» INSTRUCTIONS FOR THE TASK:
Leaving out the pictures, write out exactly each line from the line with "Here is a Micro-Trains" through the close of the listing below.

» DATA SECTION:

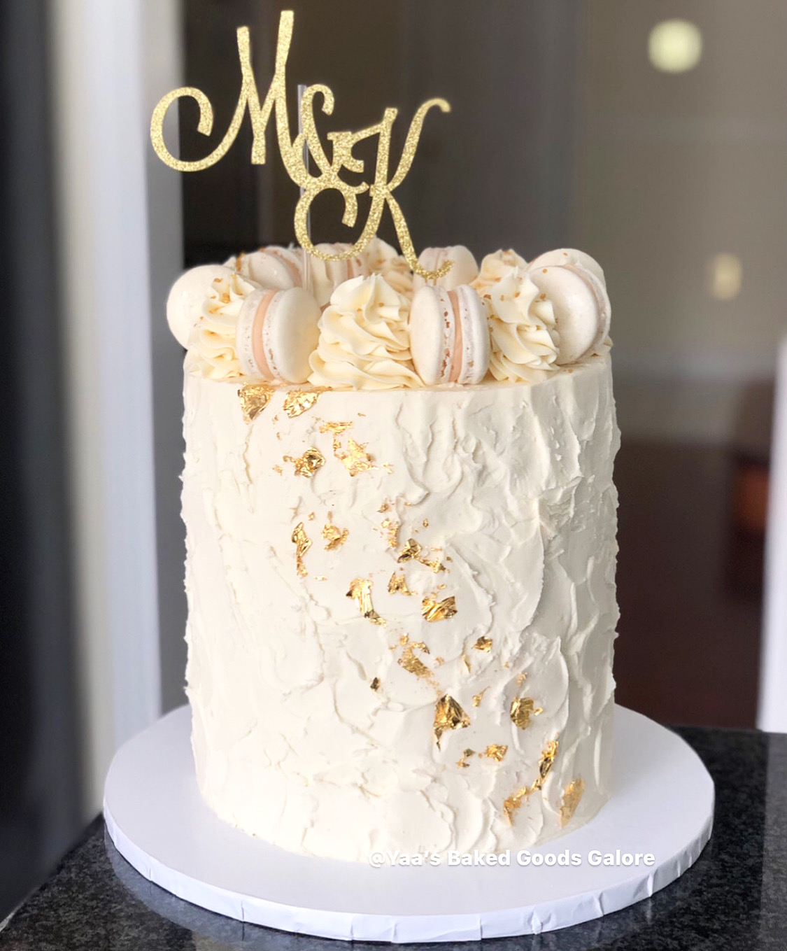 8” Vanilla and Red Velvet textured cake with macarons and edible 24k gold leaf made for a wedding
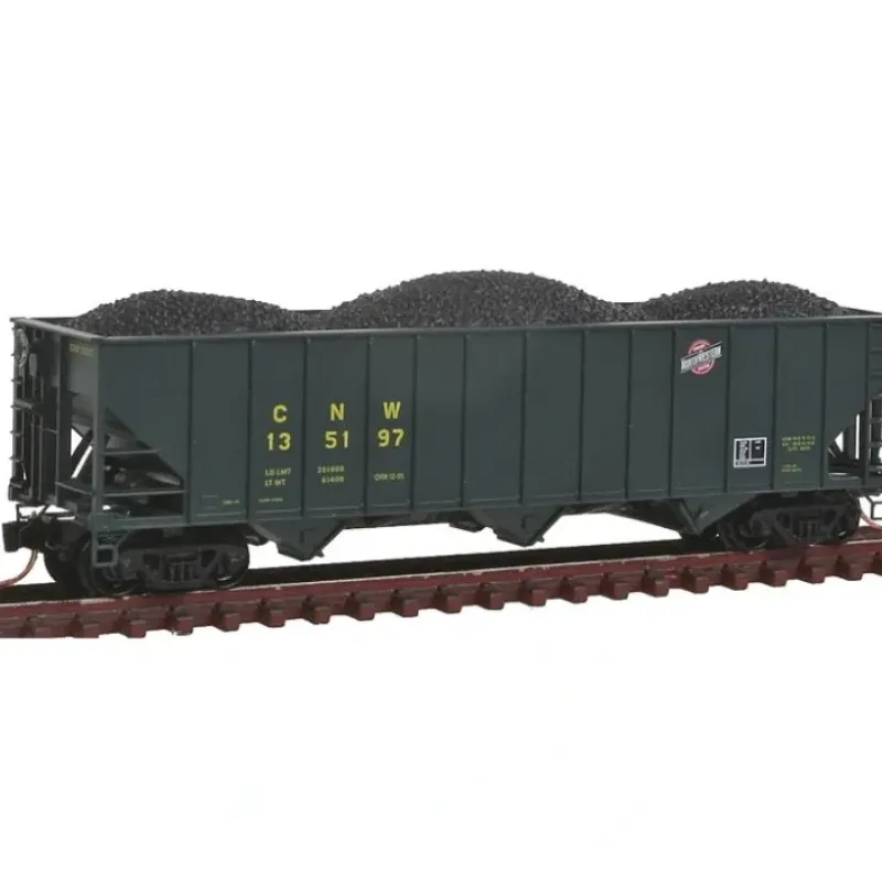 Here is a Micro-Trains 10800250 N CNW 100-Ton 3-Bay Rib Side Open Hopper w/Load #135197. This 100-ton three-bay open hopper is painted green with CNW’s Chicago System Red and Black logo and letting in yellow and white. This car features a plastic construction, plastic trucks, plastic wheels and axles, and knuckle couplers.
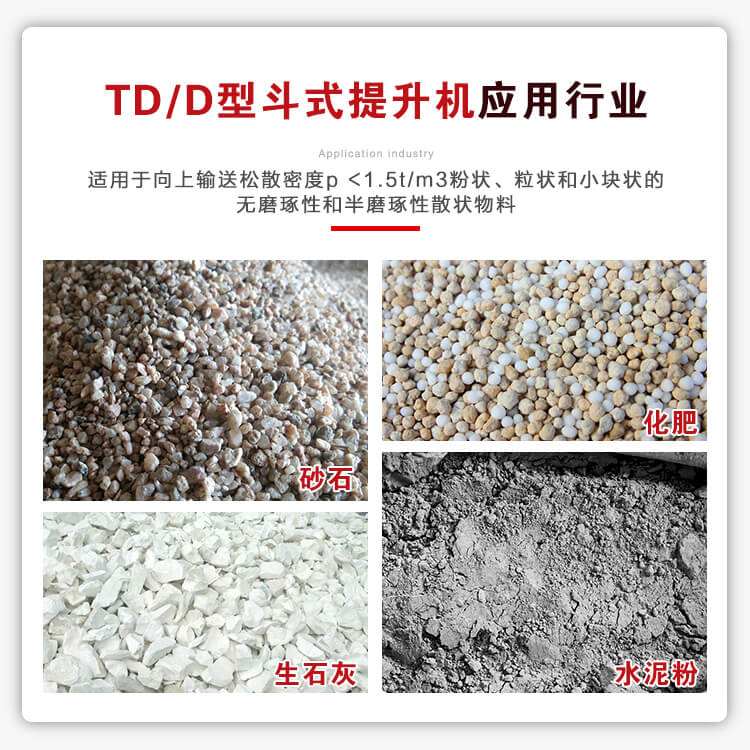 應(yīng)用行業(yè):TD型斗式提升機適用于向上輸送松散密度p <1.5t/m3粉狀、粒狀和小塊狀的無磨琢性和半磨琢性散狀物料 ,如煤、砂、焦末、水泥、碎礦石等。

» ANSWER BOX:
 Here is a Micro-Trains 10800250 N CNW 100-Ton 3-Bay Rib Side Open Hopper w/Load #135197. This 100-ton three-bay open hopper is painted green with CNW’s Chicago System Red and Black logo and letting in yellow and white. This car features a plastic construction, plastic trucks, plastic wheels and axles, and knuckle couplers.
 應(yīng)用行業(yè):TD型斗式提升機適用于向上輸送松散密度p <1.5t/m3粉狀、粒狀和小塊狀的無磨琢性和半磨琢性散狀物料 ,如煤、砂、焦末、水泥、碎礦石等。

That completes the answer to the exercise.